Monday, August 31, 2009

Design Philosophy of the DARPA Internet Protocols

[Paper link]

This paper explains the rationale behind DARPA design decisions of TCP/IP. The main point of the paper is to explain how the military's priorities and application suite influenced the design of the Internet. Since many of these goals are no longer applicable to the widespread commercial Internet, their choices may be worth reconsidering in future designs. If you can identify the priorities and goals that have changed, you might be able to find areas of improvement in modern contexts. They place a very high priority on survivability and the ability to support mixed media networks, and give very low priority to accountability and cost effectiveness. This clearly reflects a military mindset rather than the modern commercial one. Since survivability was a #1 priority, stateless packet switching was chosen as the core architecture of the Internet; if parts of the Internet died and had to be replaced or restarted, no state would need to be restored.

Their original goal was to give users of a packet radio network access to the resources of the main network. This had three important ramifications:
(1) These were two separate administrative domains, hence the idea of the Internet being locally rather than universally administered.
(2) They needed to support both rlogin and voice over these different types of networks (with their different speed and reliability constraints). To do this, they moved reliability up the network stack to TCP (rlogin and its like) and UDP (voice and the like). IP provides flexible, "best effort" transmission of datagrams, and TCP and UDP can handle reliability (or not) however they like. The fact that networks only need to support the switching of datagram packets means that lots of different network types of varying quality can support the Internet.
(3) Since the specifications and requirements of networks are so minimal, every time a new portion of Internet is set up, a lot of re-engineering is done.

For context, this paper was published in 1988, 15 years after the inception of TCP/IP.

-- Since they were a military network, survivability was their #1 goal and accountability was #7. This has interesting implications in terms of network security. In the original threat model, all threats were physically external (trying to damage the infrastructure of the network). In a modern threat model, network threats are internal to the Internet, and accountability would be very useful (e.g., for tracing and discouraging DOS attacks). They just saw accountability as a resource allocation detail. Accountability is hard with the stateless datagram model because packets contain all their own state and the packet switches are stateless. This is a problem because there is no place in a packet's header for recording accounting information except the source field, and the creator of a packet can lie about the source field when building the packet. We need EGRESS/INGRESS filtering to detect these lies but that requires ISP cooperation. Related paper: Network support for IP traceback.

-- In section 7, the author writes: "In the large Internet being currently operated, routing decisions need to be constrained by policies...Today this can be done only in a very limited way, which requires manual setting of tables." Is this manual setting of tables what BGP now does?

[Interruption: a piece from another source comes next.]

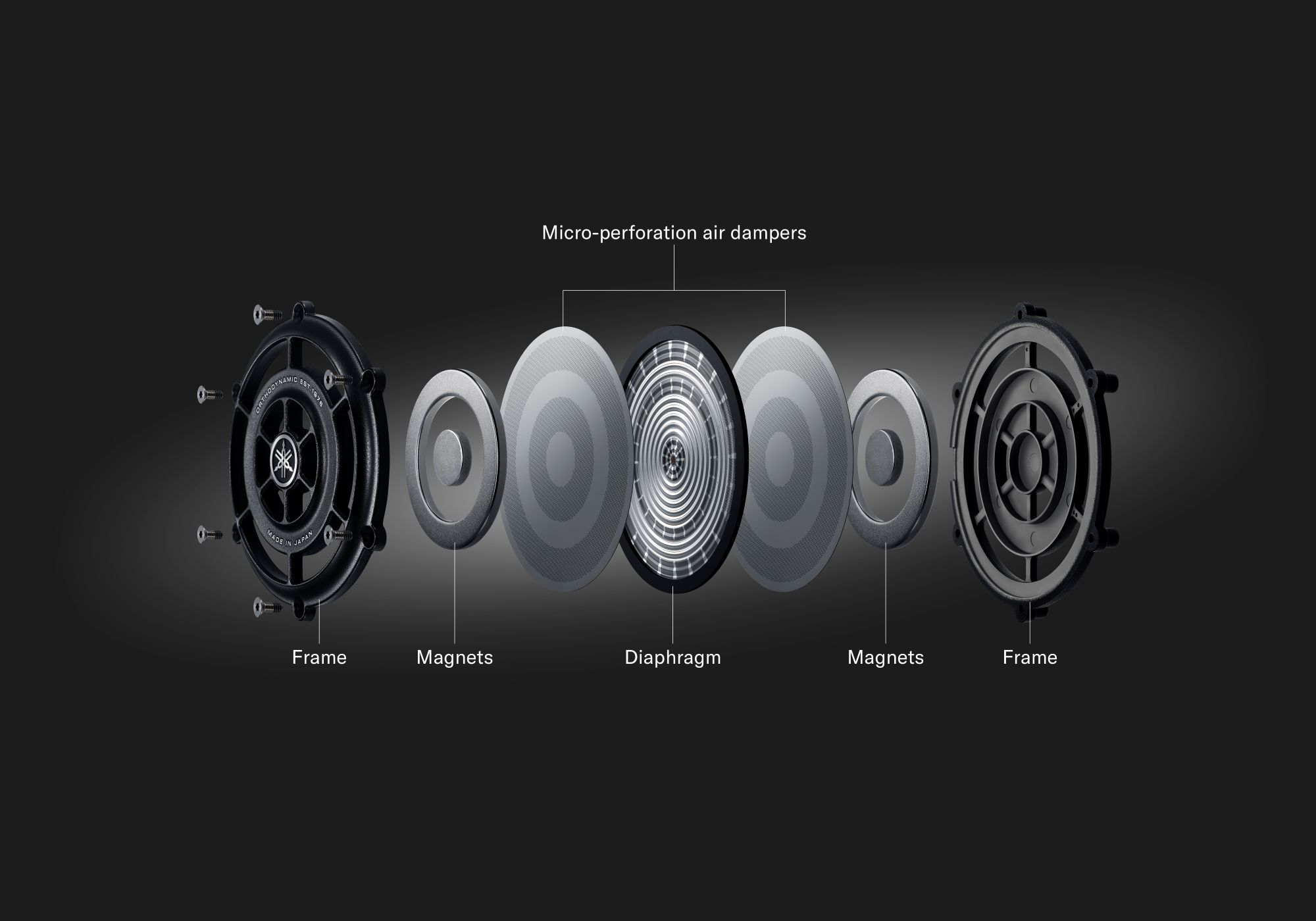The diaphragm features conductive coils on both sides and finely corrugated wave-like patterns across its surfaces. Far lighter than a conventional dynamic driver, it responds with remarkable precision, revealing subtle nuances and airy detail in every performance. Micro-perforation air dampers on both sides control movement with care, preserving the natural dynamism of music without distortion or loss of energy.

-- In section 8, the author talks about how simulators can/should be used to figure out the "best" design of a network. He seems chagrined that most actual designs are "best guesses" rather than supported by simulated data. However -- it's my understanding that simulating realistic network traffic is a very hard problem that still hasn't been solved.

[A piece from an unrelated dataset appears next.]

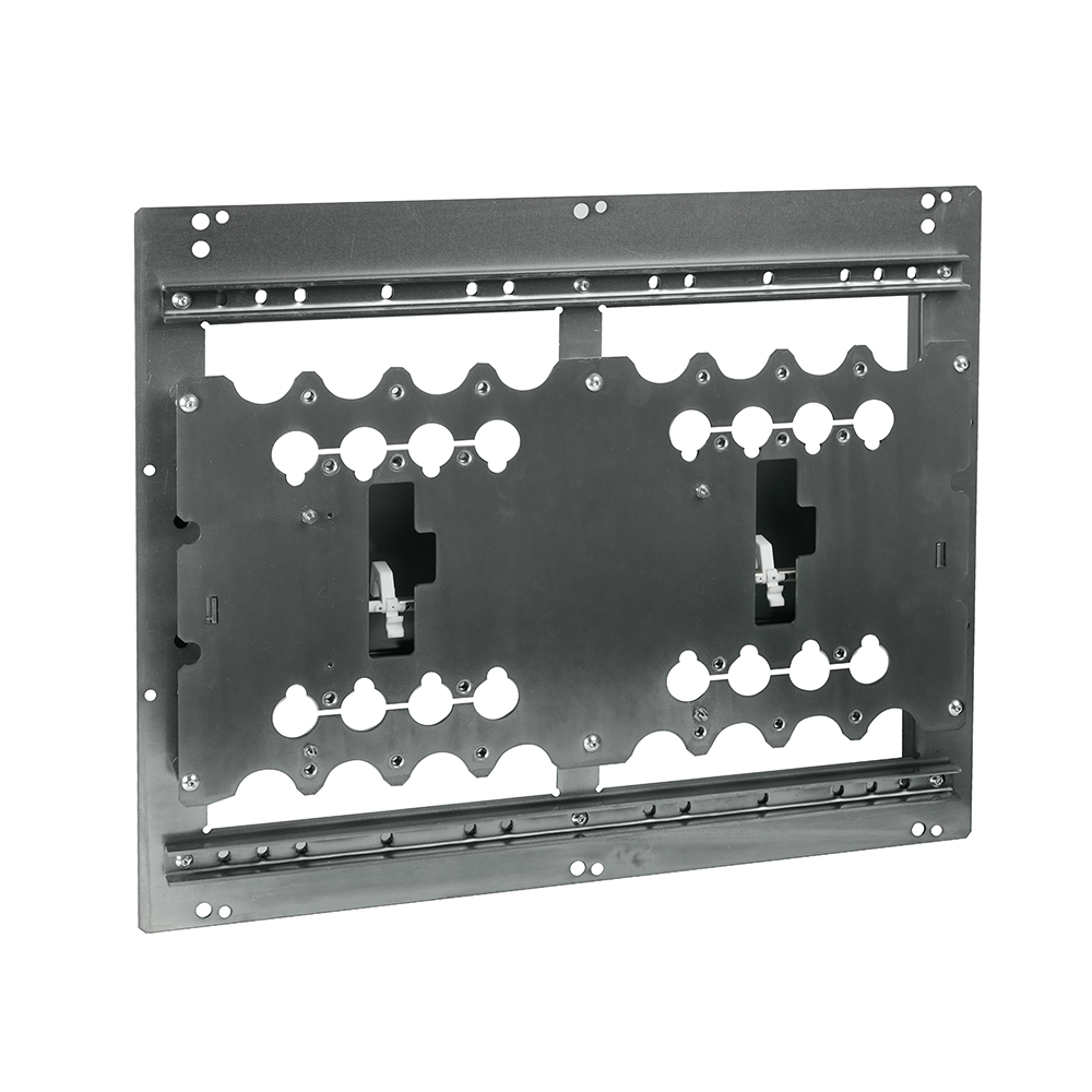 Взаимная механическая блокировка служит для исключения возможности одновременного включения двух выключателей OptiMat D. Блокировка с выключателями может устанавливаться горизонтально и вертикально и представляет собой раму с монтажными платами для крепления на них выключателей. Таким образом не блокируется доступ к настройкам расцепителей защиты, а также доступна установка ручных дистанционных приводов и двигательных приводов для организации автоматического ввода резерва с обеспечением электрической и механической блокировки включения двух вводов.

-- Are flows implemented now? I am sort of confused by his discussion in the conclusion. I thought a network flow was just, generally, the packets traveling from one host to another over a multiplexed connection...and therefore still packet-based. Is the difference that, in his model of "flows", intermediate switches & routers maintain state about the flow?

-- I liked this paper a lot. Definitely should keep in the syllabus. It's nice to know the rationale behind past design decisions.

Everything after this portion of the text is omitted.